About Me
I am Kaixuan Huang (黄凯旋), a final year Ph.D. student in Electrical and Computer Engineering Department at Princeton University. I am fortunate to be advised by Professor Mengdi Wang. Before that, I received B.S. in Mathematics and B.S. in Computer Science from Peking University. My research is partially supported by Google PHD Fellowship.
Contact me via email kaixuanh@princeton.edu; X Account; wechat: [QR Code].
Research Overview
My research focuses on (1) understanding how language models may fail when inputs are out-of-distribution or adversarial, and (2) improving the capabilities and robustness of language models via scalable human/synthetic data pipelines and algorithmic innovations. My recent topics include:
Robustness of RLHF and RLVR:
- The alignment of LLMs can be easily broken by exploiting parameter-efficient finetuning (PEFT) methods. We used prefix tuning methods to construct adversarial prefixes that undo the safety alignment of LLMs [1]. We also developed pruning and low-rank adaptation methods to identify and isolate safety-critical regions of LLMs [2].
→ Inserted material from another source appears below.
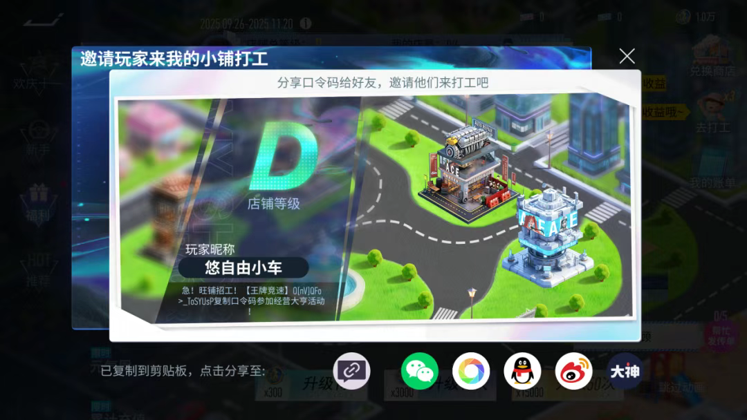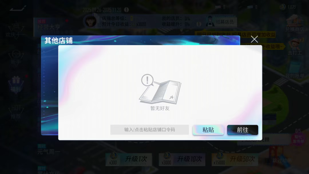 除店铺升级外,玩家还可通过招募店员、打工、帮忙或完成突发事件获得额外增益。通过分享店铺口令码即可邀请其他玩家每有一个玩家来店铺打工,店铺当日收益+20%。
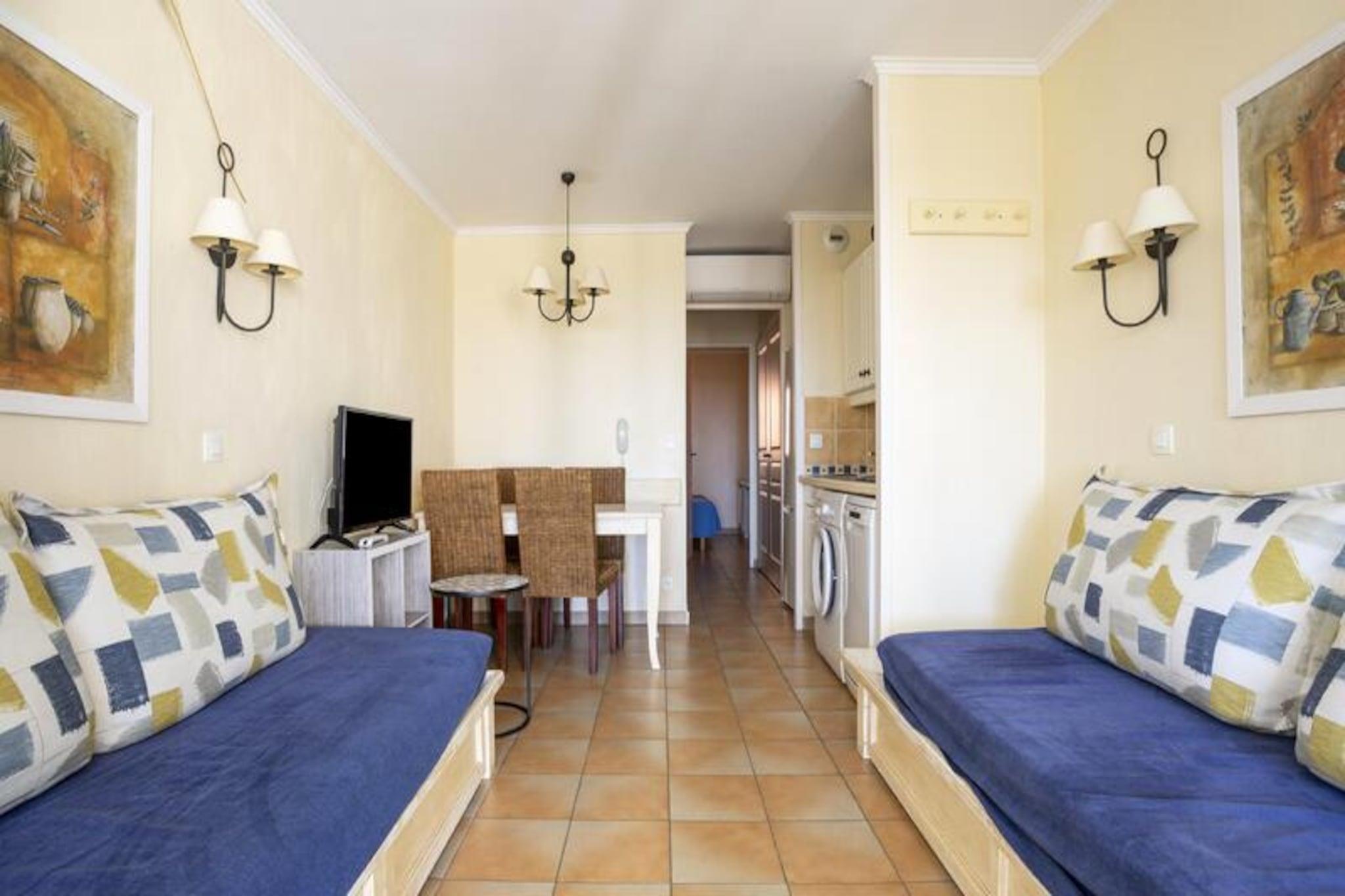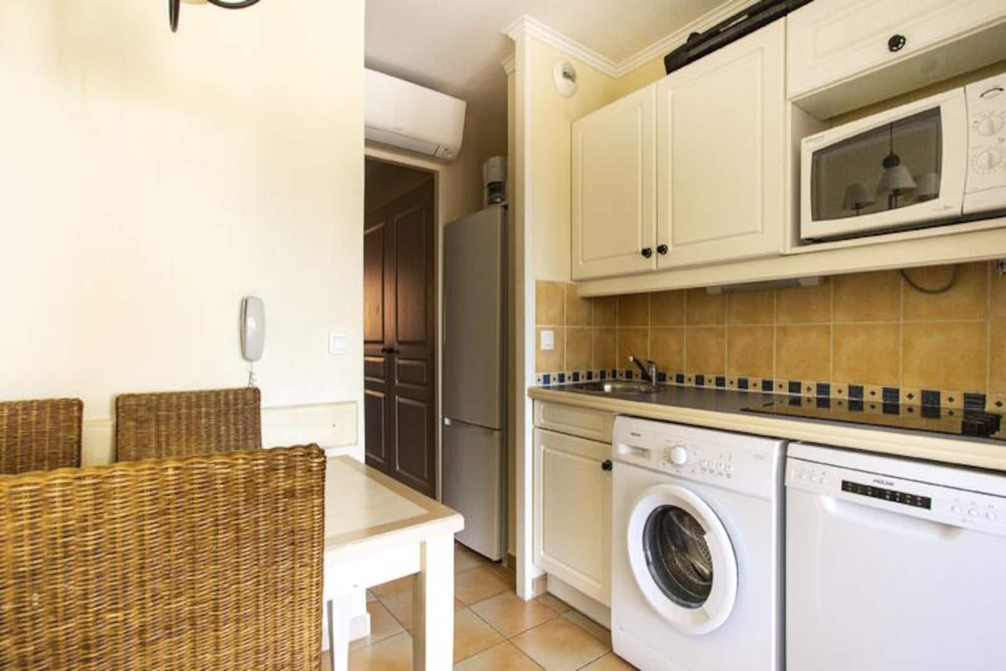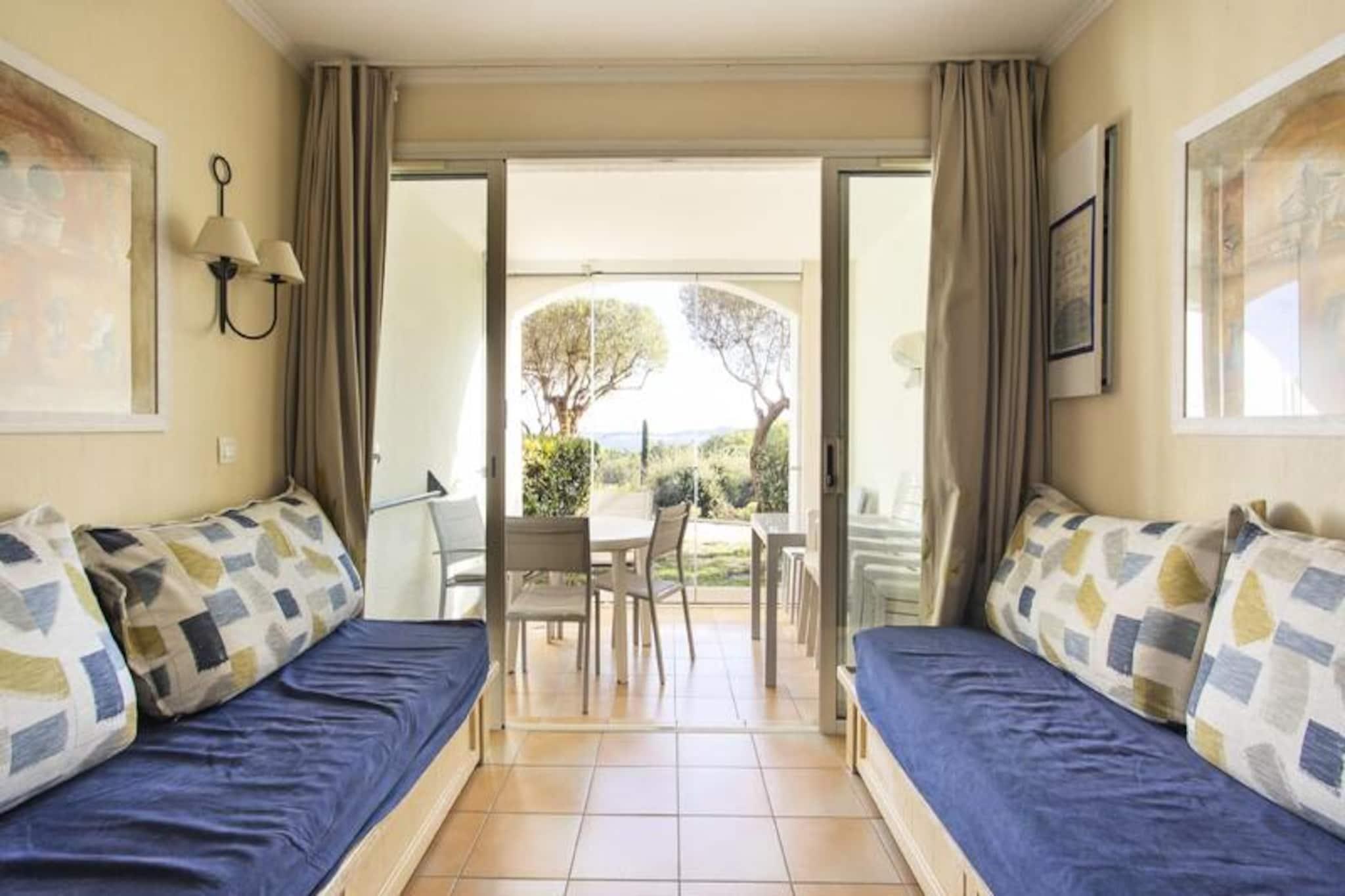 Denne rummelige ferielejlighed ligger i stueetagen og har et komfortabelt soveværelse med dobbeltseng samt en stue med to sovesofaer, den ene med en udtræksseng. Det er kæledyrsvenligt, tilbyder gratis parkering (afhængigt af tilgængelighed) og inkluderer valgfri Wi-Fi. Et babysæt er tilgængeligt efter anmodning, hvilket gør det ideelt for familier. Sengelinned og håndklæder er tilgængelige mod et tillægsgebyr, og slutrengøring er obligatorisk. Ejendommen ligger kun 3 km fra en sandstrand, der tilbyder nem adgang til lokale attraktioner såsom den maleriske landsby Grimaud, den travle by Saint-Tropez og den sjove Luna Park. Det omkringliggende område er perfekt til afslappede gåture, med populære destinationer som Croix Valmer, Ramatuelle og den smukke Lavandou-strand inden for rækkevidde. En bil anbefales til fuldt ud at udforske området. Lejligheden har et fuldt udstyret køkken, et badeværelse med bruser og et separat toilet. Gæsterne kan nyde boligens faciliteter, herunder et stort vandområde med pools, sportsfaciliteter og cykeludlejning i sommermånederne. En restaurant og et supermarked på stedet tilføjer til bekvemmeligheden, hvilket gør dette til en perfekt base for at udforske regionen.

- Reasoning models may memorize the problem-solving techniques from the training set and blindly apply them when the input problems are slightly perturbed [3].
Inference-time Algorithms & Agents: Scaling up inference-time compute and augmenting LLMs with tools are principled approaches to boost capabilities and improve robustness.
- To accelerate high-quality data generation, we developed efficient decoding algorithm [4] and inference-time alignment technique [5], borrowing techniques from traditional RL.
- Besides handcrafting agents [6], I have been thinking about distilling agents into foundation models and improving them through Reinforcement Learning.
I am also interested in long-term research that can lead to a paradigm shift for the current AI systems.
News
- 05/2025: I will give a talk at Google DeepMind about MATH-Perturb.
- 05/2025: MATH-Perturb is accepted in ICML 2025.
- 11/2024: Thrilled to receieve Google PHD Fellowship 2024.
- 10/2024: I will give a talk at INFORMS 2024 about CRISPR-GPT.
- 03/2024: I started my internship at Google DeepMind, working with Zheng Wen and Csaba Szepesvari.